If iron deficiency is related to a temporary event (for example, surgery with blood loss), supplementation may be time-limited. If the cause is ongoing (for example, heavy menstrual bleeding), some people may need longer-term strategies, including periodic supplementation and addressing the source of blood loss.

Expert Q&A

Q: Why do some people need iron for months, while others need it long-term?

A: It depends on whether the iron deficit is a one-time event or an ongoing imbalance. If you are losing iron every month through heavy periods, you may stay in a net negative balance unless intake and absorption consistently exceed losses.

The practical approach is to confirm the cause, treat what is treatable (like heavy bleeding or GI blood loss), and recheck labs to see whether stores are actually rebuilding.

Dr. Brad Weining, MD (as featured in the video)

A step-by-step plan to discuss with your clinician

This is not a prescription, it is a structured way to move from symptoms to answers.

Start with the right question. Ask whether your symptoms could fit iron deficiency even if hemoglobin is normal.

Request the right labs for your situation. Many people start with CBC, then add ferritin. If you have inflammation or chronic disease, ask whether transferrin saturation should be added.

Find the “why,” not only the number. If iron is low, discuss likely causes, menstrual loss, pregnancy demands, diet pattern, GI symptoms, recent surgery, and chronic inflammatory diseases.

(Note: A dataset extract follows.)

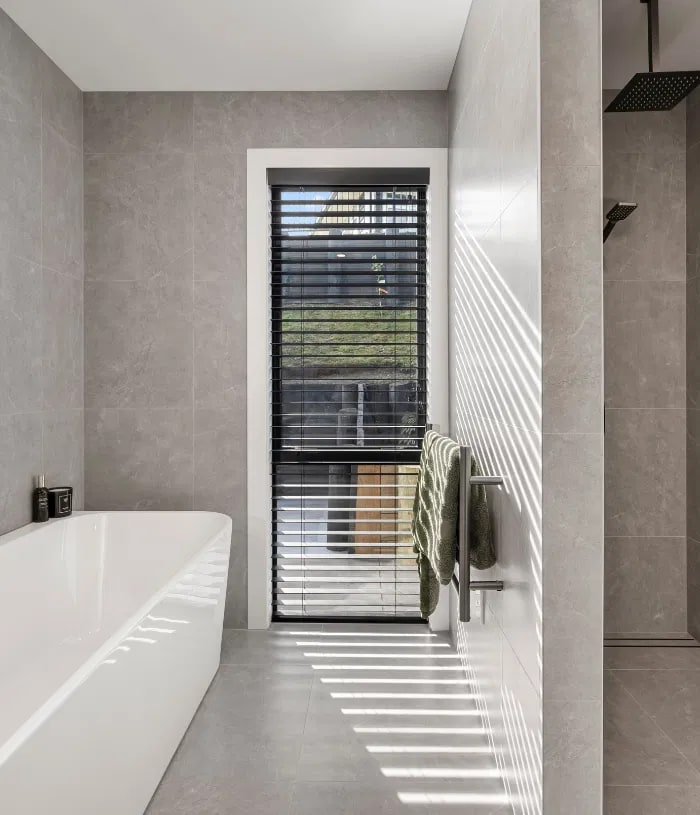 The result is an elegant and spacious 216m² home that perfectly marries style, sustainability, and functionality. It boasts three generously sized bedrooms, including a luxurious master suite with a fully tiled ensuite and a walk-in shower. The two additional bedrooms are complemented by a beautifully designed family bathroom, ensuring comfort and convenience for guests or family members. The home also includes a separate office, providing a quiet space for work or study, ensuring that every aspect of modern living is catered for. And of course, every room has been thoughtfully designed to capture the stunning vistas.

Choose a tolerable iron strategy and set a recheck date. If oral iron causes GI effects, discuss alternatives, dosing schedules, or IV iron when appropriate. Plan follow-up labs so you know whether you are replenishing stores, not just feeling slightly better.

Key Takeaways

Do not stop at hemoglobin. This video’s core message is that iron deficiency can cause symptoms before anemia shows up on a CBC.
Ferritin is the key screening test for iron stores. If it is not checked, iron deficiency can be missed.
Inflammation can distort ferritin. In conditions like rheumatoid arthritis or Crohn’s disease, transferrin saturation may help clarify iron status.
Women are disproportionately affected. Menstruation and pregnancy can create a persistent negative iron balance, and addressing it can matter for energy and pregnancy outcomes.
Treatment is a tradeoff. Standard oral iron is cheap but often hard to tolerate, IV iron is fast but requires monitoring, and newer oral forms aim to improve absorption and side effects.

Frequently Asked Questions

Can I be iron deficient even if my hemoglobin is normal?
Yes. The video emphasizes that symptoms like fatigue and brain fog can appear during iron deficiency before hemoglobin drops into the anemia range. Asking about ferritin testing can help assess iron stores.
What lab tests should I ask about for suspected low iron?
A CBC checks hemoglobin, but ferritin helps assess iron stores. If you have inflammation or chronic disease, transferrin saturation may be useful because ferritin can be falsely normal or high.
Why does oral iron upset my stomach?
The discussion notes that only a small fraction of standard oral iron may be absorbed, and the rest stays in the gut where it can irritate the GI tract. This can lead to nausea, abdominal pain, diarrhea, or constipation.
Does coffee or tea affect iron absorption?
It can. The video advises avoiding coffee or tea with meals when you are trying to absorb iron, especially from plant sources, because components in these drinks can reduce absorption.
How do oral iron and IV iron compare?
Oral iron is inexpensive and easy to access but may be poorly tolerated and slower to replete stores. IV iron is typically faster and more effective for significant deficiency but requires monitored administration due to rare serious reactions.